Isu Rohingya ini kembali menjadi perhatian
setelah bentrokan antara kelompok bersenjata dan militer Myanmar di
Rakhine pecah pada 25 Agustus lalu. (Reuters/Danish Siddiqui)
Komentar tersebut diutarakan dua penasihat khusus PBB bidang pencegahan genosida, Adama Dieng, dan bidang kewajiban melindungi atau responsibilty to protect, Ivan Simonovic, dalam pernyataan bersama.
"Meskipun sudah ada peringatan dari kami [PBB] dan pejabat lainnya, pemerintah Myanmar gagal memenuhi kewajibannya berdasarkan hukum internasional dan tanggung jawab utama untuk melindungi populasi Rohingya dari kejahatan yang kejam," bunyi pernyataan keduanya yang dikutip AFP, Rabu (19/10).
Keduanya juga menganggap komunitas internasional gagal merespons krisis kemanusiaan yang telah memicu gelombang ratusan ribu pengungsi Rohingya di Bangladesh ini sejak akhir Agustus lalu.
"Di saat yang sama, masyarakat internasional juga gagal melakukan tanggung jawabnya dalam penyelesaian krisis ini," katanya.
Isu Rohingya ini kembali menjadi perhatian setelah bentrokan antara kelompok bersenjata dan militer Myanmar di Rakhine pecah pada 25 Agustus lalu.
Bentrokan itu dipicu oleh serangan kelompok bersenjata Pasukan Pembela Rohingya Arakan (ARSA) ke sejumlah pos polisi dan satu pangkalan militer di Rakhine.
Sejak saat itu, militer Myanmar melakukan operasi pembersihan. Alih-alih menangkap kelompok bersenjata, aparat yang dibantu dengan warga lokal diduga mengusir paksa etnis Rohingya dengan menyiksa, membakar rumah, hingga membunuh mereka.

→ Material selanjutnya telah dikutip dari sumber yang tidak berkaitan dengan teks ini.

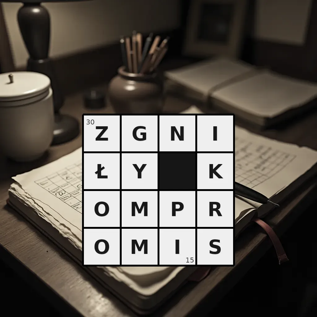Słowo „zgniły kompromis” ma 15 znaków (bez spacji i łączników).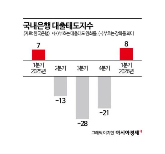실제 한국은행이 국내 18개 은행을 대상으로 대출행태 서베이를 조사한 결과 전 분기 대비 대출 기조를 완화하겠다는 은행이 더 많았던 것으로 나타났다. 이를 종합한 대출태도 종합지수는 '8'을 기록해 지난해 2분기 이후 4분기 만에 플러스 전환했다. 특히 가계 주택대출은 지난해 4분기 -44에서 올해 1분기 6으로 전환됐다. 지수가 플러스면 대출을 완화할 것이라는 응답한 금융기관 수가 '강화'보다 많다는 의미다.
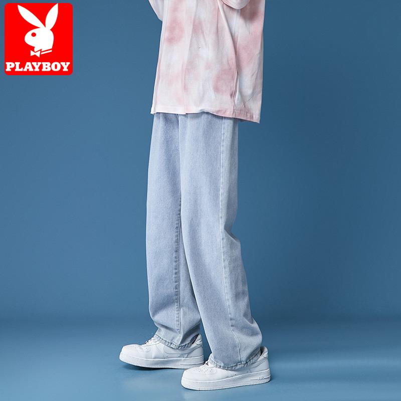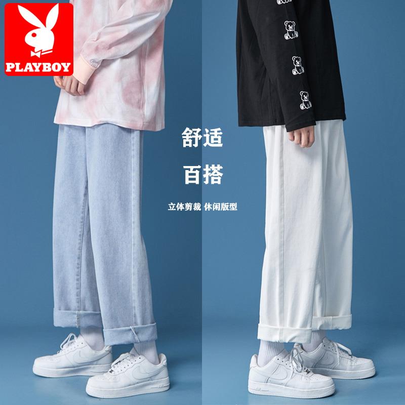 花花公子牛仔裤男夏季薄款学生直筒宽松黑色阔腿休闲长裤子春秋季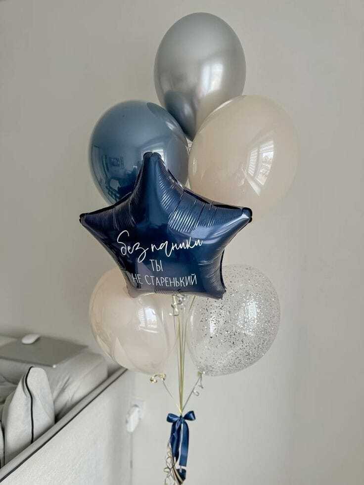 - Фонтан из 6 шаров: 2 зеркальных малых шара, 2 шара хром, 1 шар с конфетти, 1 фольгированная звезда с индивидуальой надписью
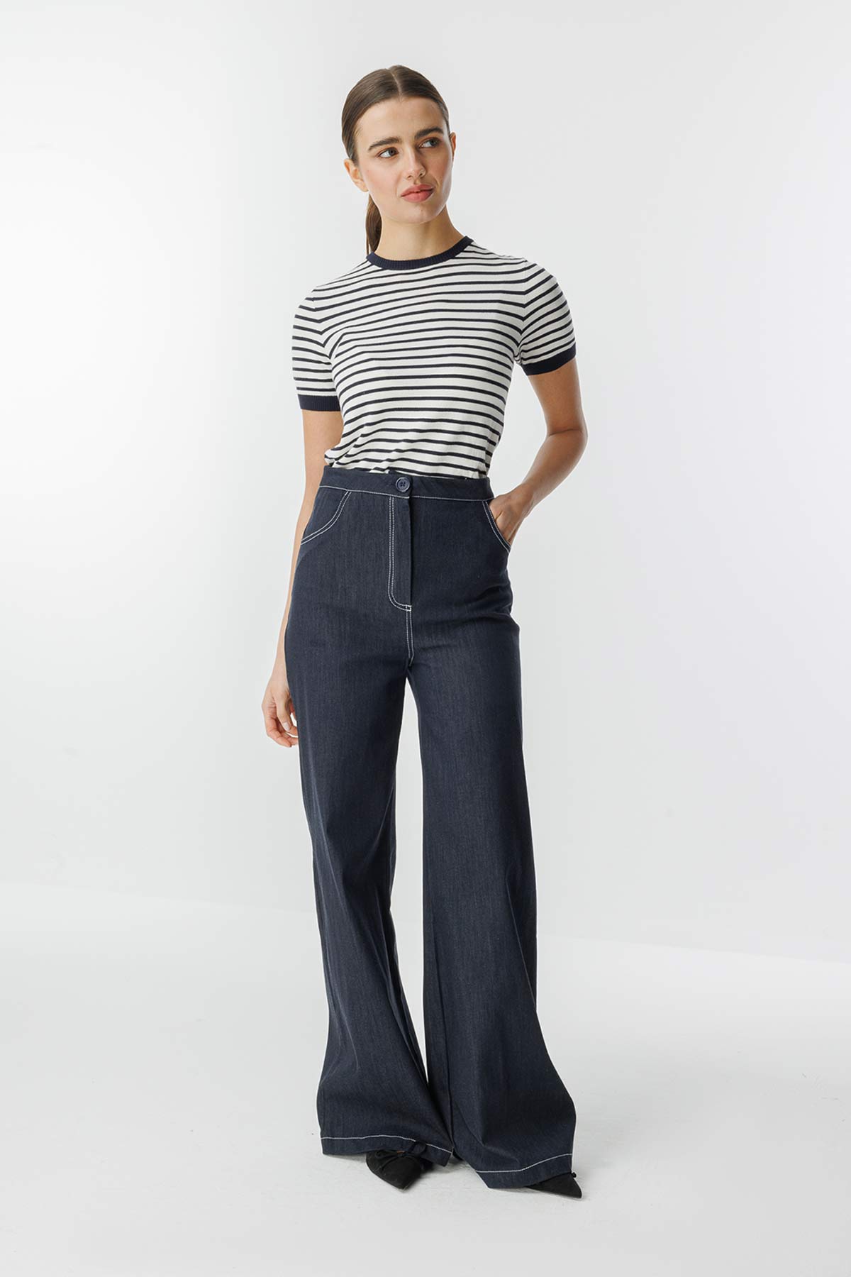 تفاصيل بإبرة مزدوجة وساق واسعة من الدنيم باللون الأزرق الداكن. المميزات تفاصيل خياطة بإبرة مزدوجة، خصر مرتفع، جيوب خلفية وأمامية، بنطلون جينز واسع الساق. محتوى القماش وتعليمات الغسيل: يُغسل عند درجة حرارة 30 درجة مع برامج دقيقة وصناعية وحساسة. 98% قطن، 2% ليكرا، يغسل بالماء البارد، لا تستخدم المجفف. مقاس المنتج الموديل: S قياسات الموديل: الارتفاع: 1.72 سم، الصدر: 80 سم، الخصر: 60 سم، الأرداف: 90 سم

Akibat konflik ini, 1.000 orang terutama Rohingya tewas, sementara lebih dari 500 ribu lainnya kabur ke Bangladesh.
PBB menganggap tragedi kemanusiaan ini sebagai upaya pembersihan etnis secara sistematis. Dewan Keamanan PBB pun mendesak Myanmar menghentikan operasi militer di Rakhine, serta membuka akses kemanusiaan ke pusat konflik.
PBB juga meminta Myanmar mulai membuka jalan bagi para Rohingya yang sebagian besar mengungsi ke Bangladesh agar bisa kembali ke kampung mereka di Rakhine.
Namun, laporan terbaru Dewan HAM PBB mengindikasikan militer Myanmar menanam ranjau di perbatasan negaranya dengan Bangladesh untuk menghalau pengungsi Rohingya agar tidak bisa kembali secara permanen.
Meski begitu, hingga kini PBB dan sejumlah negara masih enggan menerapkan sanksi kepada Myanmar. Sebab, sejumlah diplomat di DK PBB mengatakan China dan Rusia sebagai sekutu dekat Myanmar menentang dan diprediksi akan memveto jika sanksi itu diajukan.
"Sekali lagi, kegagalan untuk menghentikan kejahatan yang kejam ini membuat kita semua terlibat. Kapan kita [dunia internasional] akan memenuhi janji yang tak terhitung jumlahnya ini?" demikian bunyi pernyataan tertulis kedua penasihat itu.